Issue Detection and Category Classification in Domain-Specific Technical Logbooks
Proceedings of the Fifteenth Language Resources and Evaluation Conference (LREC 2026)
Abstract
Operating large-scale research infrastructures such as free-electron lasers produces vast amounts of operator-authored documentation that records daily observations, anomalies, and maintenance actions. These logbooks and incident reports contain valuable operational knowledge but often remain underexplored due to their unstructured, domain-specific language. While large language models (LLMs) show strong generalization in general domains, their effectiveness on such technical operator text has, to the best of our knowledge, not been systematically assessed.
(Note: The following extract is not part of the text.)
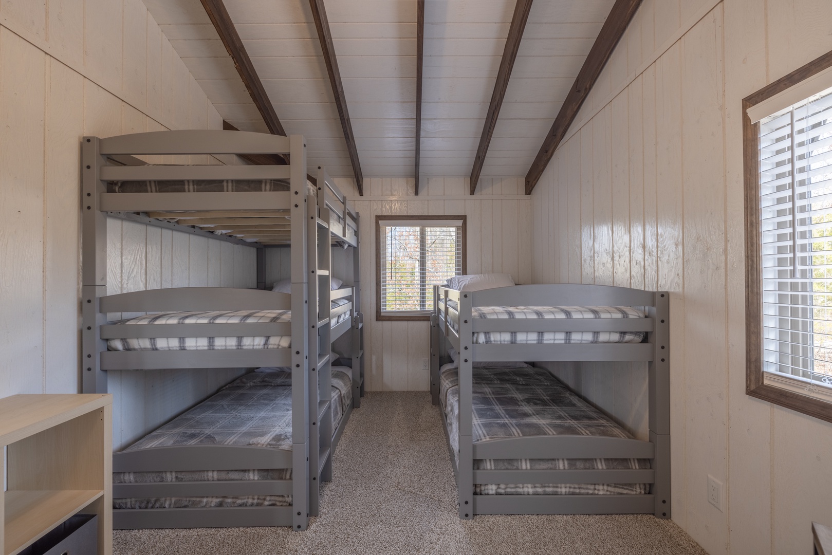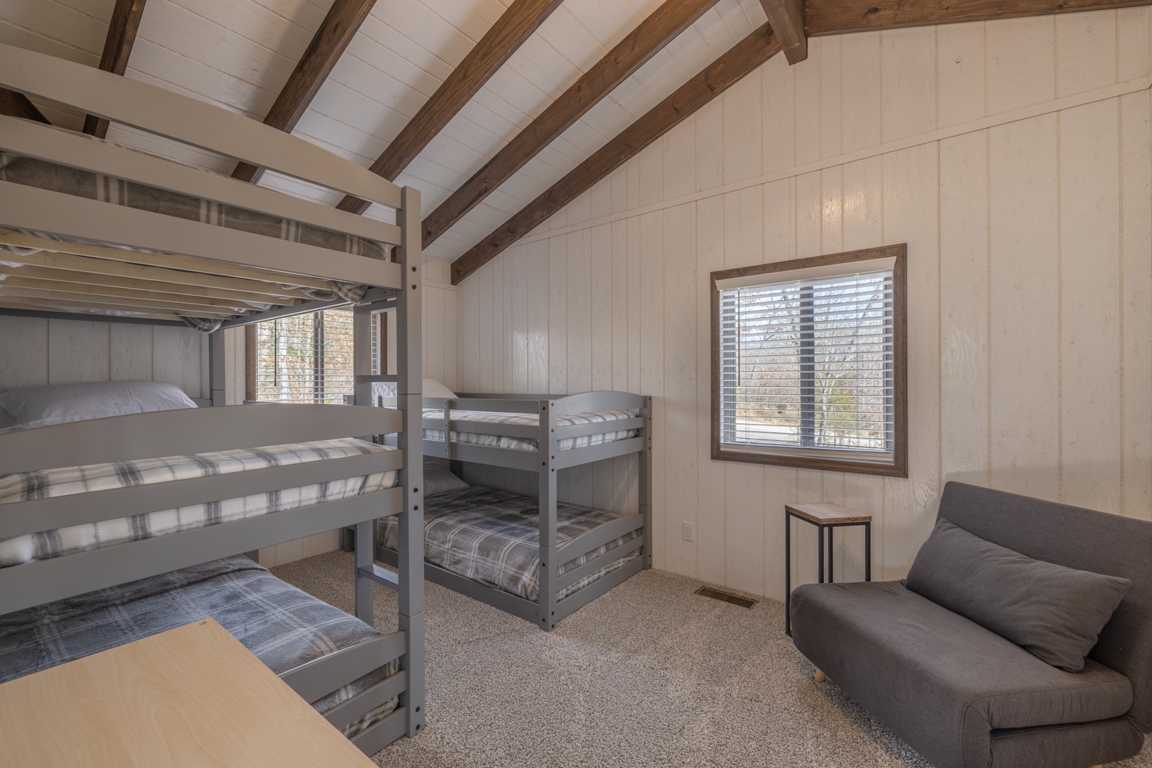 • Bedroom 2 (upstairs) – 6 twin beds (2 sets of bunk beds, 1 pullout sleeper chair), and easy access to the upstairs full bathroom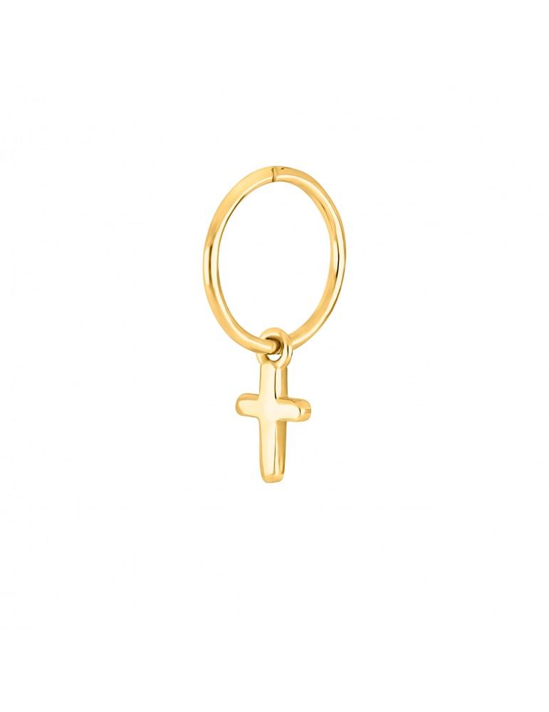 Smart ørering med kors i forgyldt stål. Bemærk at denne ørestik sælges enkeltvis.

We introduce two new English datasets from real-world laser operations: (i) a logbook dataset annotated for binary issue detection (does an entry describe or report an actionable fault?), and (ii) an operator ticket dataset annotated for multi-class issue categorization assign each ticket to one of 13 technical categories). The corpora comprise 2,979 logbook entries and 758 tickets from 2022–2024; both are cleaned, anonymized, and suitable for benchmarking classification performance. We evaluate four open LLMs (LLaMA-3, Mistral-Small, Qwen-3-30B, GPT-OSS-120B) under zero-shot, few-shot, and chain-of-thought (CoT) prompting, using multiple semantically equivalent prompt variants per setting to assess robustness. Across both tasks, few-shot prompting is consistently strongest, with top systems reaching F1 approx 0.84 for logbook issue detection and Macro-F1 0.42 for operator ticket categorization. These results suggest that incorporating a handful of in-domain examples can substantially improve performance on operator-authored technical text, even without fine-tuning.